Haplotype association analyses using inferred haplotypes in downstream analyses may be vulnerable to Type I error inflation and biased estimates of genetic effects due to misclassification of haplotype states25. Several aspects of this analysis mitigate these concerns. Phasing was conducted for cases and controls simultaneously, which provides greater control of Type I error than phasing these groups separately25. Differential misclassification of haplotype states is unlikely, since haplotype phasing was conducted without knowledge of disease status. Non-differential misclassification is more plausible; thus, reported effect estimates may be biased towards the null (haplotype has no effect on PBC risk). To safeguard against false positives, we conducted a replication study and applied a Bonferroni-corrected p-value threshold to address multiple testing in replication. Our benchmark method analysis that considered the uncertainty of haplotype phase also tagged ~82% of the gene analytic windows containing replicated 3-SNP haplotypes. Lastly, the frequency distributions for replicated 3-SNP haplotypes among controls in our study were consistent with the 1000G JPT reference panel. These results suggest that our method can reliably detect credible 3-SNP genic haplotypes associated with PBC risk.
Limitations of our proposed method include not finding the haplotype with the strongest association (due to non-exhaustive testing) and missing risk haplotypes outside of genic regions. However, we replicated 49 out of 74 genic haplotype associations selected in discovery; replicated 3-SNP haplotypes also frequently included SNPs that overlapped top haplotype associations identified with the exhaustive testing-based benchmark method.

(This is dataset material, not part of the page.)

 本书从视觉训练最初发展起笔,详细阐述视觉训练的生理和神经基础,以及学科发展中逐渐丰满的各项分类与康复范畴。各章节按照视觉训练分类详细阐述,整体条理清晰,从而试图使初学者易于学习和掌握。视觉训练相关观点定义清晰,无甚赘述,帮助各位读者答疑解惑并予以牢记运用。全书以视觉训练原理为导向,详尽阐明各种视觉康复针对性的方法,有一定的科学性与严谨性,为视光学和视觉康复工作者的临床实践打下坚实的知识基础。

Yet, exact matches between top haplotypes detected with the proposed and benchmark methods were not observed. Instead, replicated 3-SNP haplotypes detected by logic regression linked SNPs ~335 kb apart on average, with many contributing SNPs overlapping functional annotations in cell/tissue types relevant to PBC. Thus, the haplotypes detected with the proposed method: (a) frequently include SNPs that overlap genomic regions with top haplotype associations identified by an exhaustive testing-based benchmark method; (b) are unlikely to be detected with existing association methods; and (c) combine the effects of variably-spaced and potentially functional SNPs mapped to regions of the genome that are more likely to be transcribed.

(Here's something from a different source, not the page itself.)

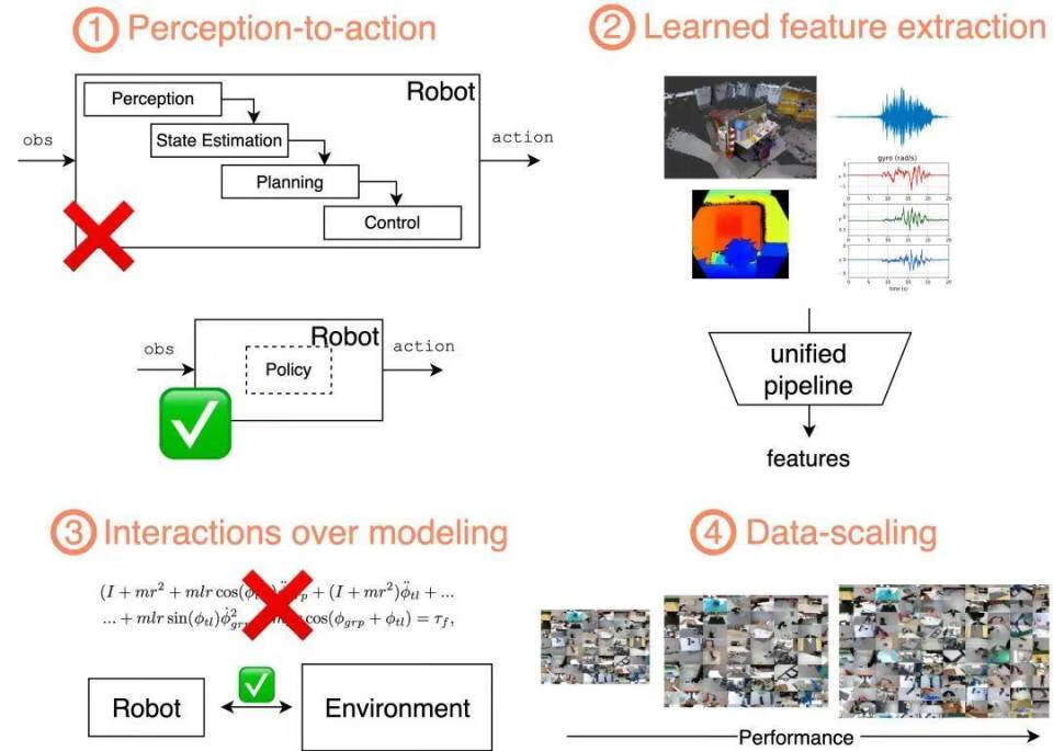 基于学习的机器人学通过训练一个(1)统一的高层控制器,能够直接处理(2)高维、非结构化的感知 - 运动信息,从而简化从感知到动作的过程。学习过程(3)无需动力学模型,而是聚焦于交互数据,并且(4)其效果与所用数据的规模呈经验性正相关。

Similar to recent PBC GWAS4,5,8, we did not examine sex chromosome variants. However, sex chromosome-related defects and haplotype deficiencies likely play an important role in PBC etiology26,27. Specifically, higher rates of X monosomy in peripheral blood cells in PBC-affected women have been observed, suggesting X monosomy influences PBC pathogenesis28. Although skewed X-chromosome inactivation (XCI) may contribute to autoimmune disease risk29,30, preferential X loss that involves particular X-linked haplotypes may better explain the increased X monosomy in women with PBC31. Analogous to this X haploinsufficiency observed in women with PBC, increased Y chromosome loss has been associated with PBC in men32. Further exploration of sex chromosome-specific haplotype associations with PBC risk is needed.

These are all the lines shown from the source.